Oh the pain, the deep grief. I have hardly been able to watch the reports coming out of Newtown, CT. Seeing the faces of panicked parents, scared little kids, and the extreme agony of loss causes me to grieve with them. The grief is deepened by the inexplicable reason for the massacre. The senselessness of the murders and the cold hearted execution of children renders the mind reeling, trying to find some connection that would cause such an atrocity. But sadly, none is found, leaving closure an impossibility.
Children are a gift from God to parents, to the world. They are a source of joy, love, hope, and aggravation. Children are somewhat of a blank page. They have certain innate, God given talents, but they need instruction, correction, and encouragement. Children do not raise themselves. Too much of current parenting is a hands off approach. It does not direct, teach, or correct. It allows unbridled emotions, actions, and verbal expressions. The result is unruly, undisciplined, rude, wild, obnoxious little brats. They are dangerous. I see them hitting their parents, running wild banging into adults and other children. Sadly, I see parents take the abuse and refuse to discipline the child. It is like they do not know what to do. They have no parenting skills.
So, we have a generation of parents who have little or no clue how to rear children and we have children who are unrestrained and receive little or no guidance from their parents. They are being trained by videos, violent games, peers, and teachers who are afraid of lawsuits. Even teachers are being injured in schools as administrators tolerate near criminal behavior in fear of the ALCU and special interest groups with high powered lawyers. Meanwhile we are growing a nation of emotionally ruled babies that grow into unbalanced adults. This is not an indictment on all since there are some doing a great job of parenting; however, the trend leans toward the undisciplined.

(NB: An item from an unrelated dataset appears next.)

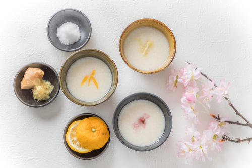 酒粕100gを水500mlに浸けて1時間以上置く。鍋に酒粕を入れて温め、砂糖、塩、ショウガをお好みの量入れたら完成だ。酒粕には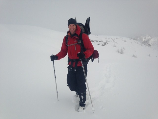 My buddy Chad and I were determined to get to Artist Point regardless of the weather this weekend and try our chances in getting out to Ptarmigan Ridge and/or Chain Lakes in the afternoon and on day 2. We arrived at the Mt Baker ski area around 10:15 Friday morning (still temporarily closed). Some clouds, visibility was good. Recent snowfall made snowshoes a necessity after just a few hundred yards. We reached Artist Point (about a 2 mile hike, depending on how direct you go). We could see the top 4 feet of the outhouse roof. We continued past Artist Point and up toward Huntoon Point. We found a suitable place for our site (protected from the winds from the north and west). By the time we finished digging out a level spot and getting our tent in, the snow started falling. And falling. Soon conditions were near white out--we could only see 6-8 feet in front of us and quickly realized that the smarter choice would be to stay put. Dug a partial snow cave and practiced using our avalanche beacons. The snow kept falling until around midnight. The moon came out for awhile and then rain starting falling sporadically around 3 or 4am. We hoped morning would bring clear skies but visibility was still pretty bad at 7am, and it was snowing again. Given the hard layer of snow, with about 8-10 inches of new snow overnight, we weren't confident avalanche conditions were in our favor. So we did some snow shoeing around Austin Pass and made our way back down to the ski area. Cloud breaks gave some spectacular views of Shuksan and nearby peaks. Wow! Lots of friendly skiers on their way up for fresh powder.

With this as a backdrop, we, the church must change our culture since the church has been deeply affected by the secular educational philosophies. We have segregated the family over the past number of decades, have bought into the “generation gap” and have concluded that families need to be separated so they can learn. Against that philosophy, we have around 2000 years of families being together.
We currently have a serious illiteracy in the area of Bible knowledge in children especially and in adults too. We cannot seriously address the culture when there is no character strength based in the word. We are swimming in a sea of ethical, religious, and moral pluralism. We are drowning in tolerance which is defined, not as respecting another position, but defined as anything goes and nothing is really right or wrong. So, our children are being taught in such a manner that true, absolutes do not exist. You cannot change the world with anything goes.

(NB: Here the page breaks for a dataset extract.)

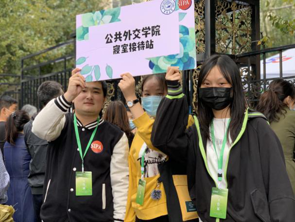 志愿者为新生详细讲解了有关报到入学的诸多事宜,并提前在新生资料袋中准备了SIPA专属明信片和书签。在各大乘车点和寝室接待站,志愿者们耐心引导新生前往寝室并帮助搬运行李。此外,疫情期间,学校还向新生发放了含有多种防疫物资的健康包,保障同学们的健康状况。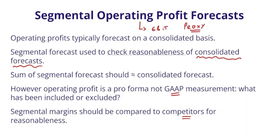 problem with consolidated forecasts - is that it is harder to compare to other companies (as niche makeup of each company) - if can find segmental makeup then you can compare using this

Thus, we must make a determined effort and program of training the children in the basics of God’s word. The establishment that the Bible is the inspired Word of God, that the Word of God is true, that the Word of God is reliable and authentic becomes a gargantuan task against the tsunami of relativism permeating the secular culture.
We cannot stand against the forces with bland, weak teaching. We cannot stand against the problem with entertaining or babysitting the children. There has to be a concerted plan that involves parents and mentors. We have to be on the same page and work diligently, not for a semester, but for years. This is not the job of mentors or teachers in church; it is the job of Christian parents to engage their children. Really the basis for this is God’s delegation of procreation and the responsibility of the parent as a steward of God’s creation.

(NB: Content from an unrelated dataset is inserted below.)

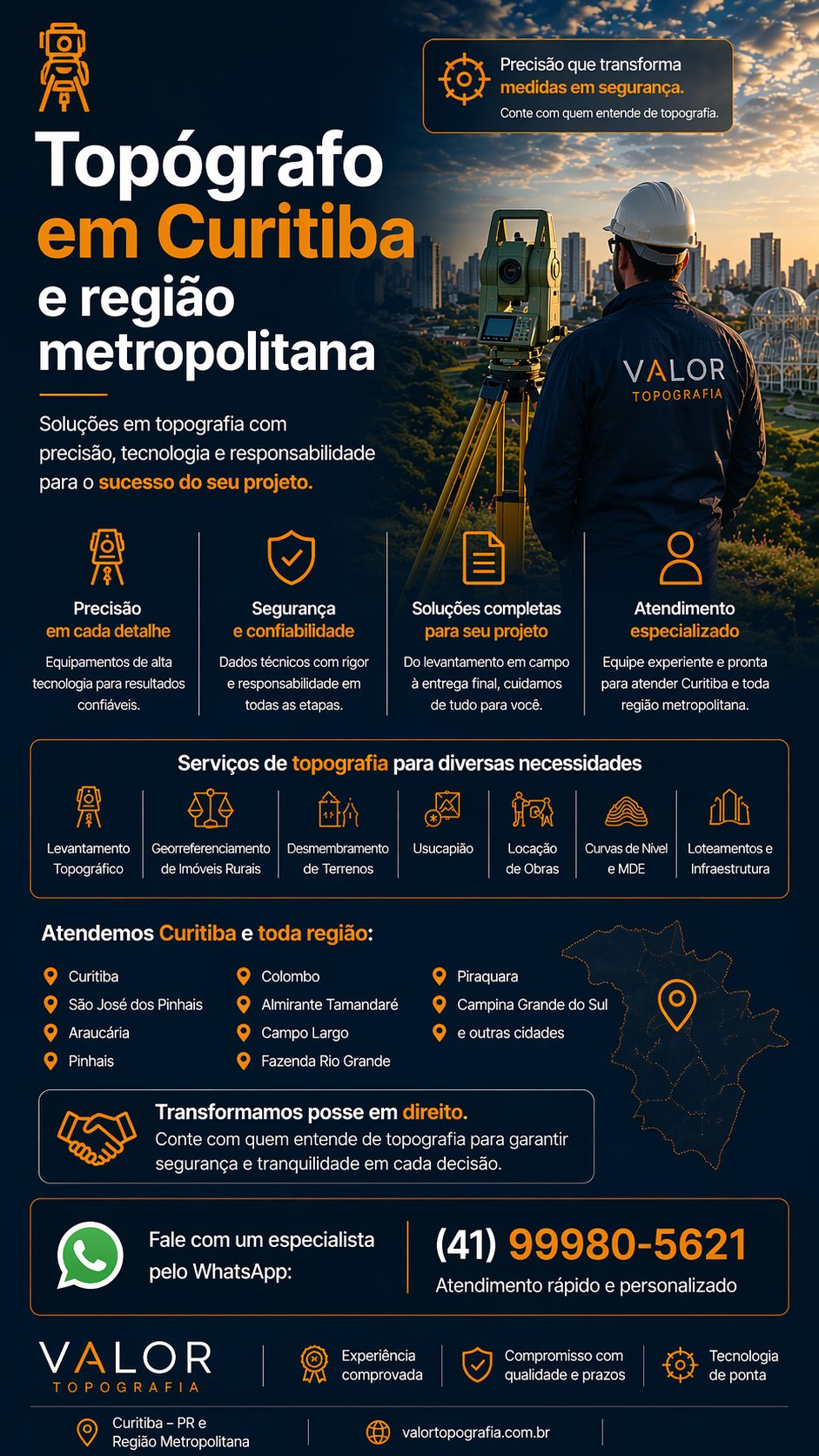 Alta precisão nos levantamentos, equipe especializada, atendimento em Curitiba e região e suporte completo do início ao fim.

With that in mind, we are going to do everything possible to support parents in the training of their children. Home is the greatest greenhouse of character and education. Church can help, but it cannot succeed without the home working on character.
My granddaughter in law is a teacher as is my granddaughter. She commented that the kids come to school and do not even know the basics of civility. They do not know kindness, sympathy, basic manners, or the necessary relational skills that allow education to take place. She said that this should not be her job, but the job of the parents.
So, our Herculean task is to turn things around in our midst. It is to focus on children as a treasure and not an inconvenience. It is to see the future in the eyes of our children and invest in them. It is to recognize that godly character is taught in the home and reinforced at church. It is to provide the tools to help parents be good role models, good, loving disciplinarians, and to be good teachers of God’s word.
To stop the slide, there must be dramatic changes and a commitment from the church to do this. It will take everyone on board. It will take mentors in the classes, but it will also take folks supporting and aiding the parents in church. It will take, we, the leadership, upholding the vision and supporting it in the way speak, act, and invest.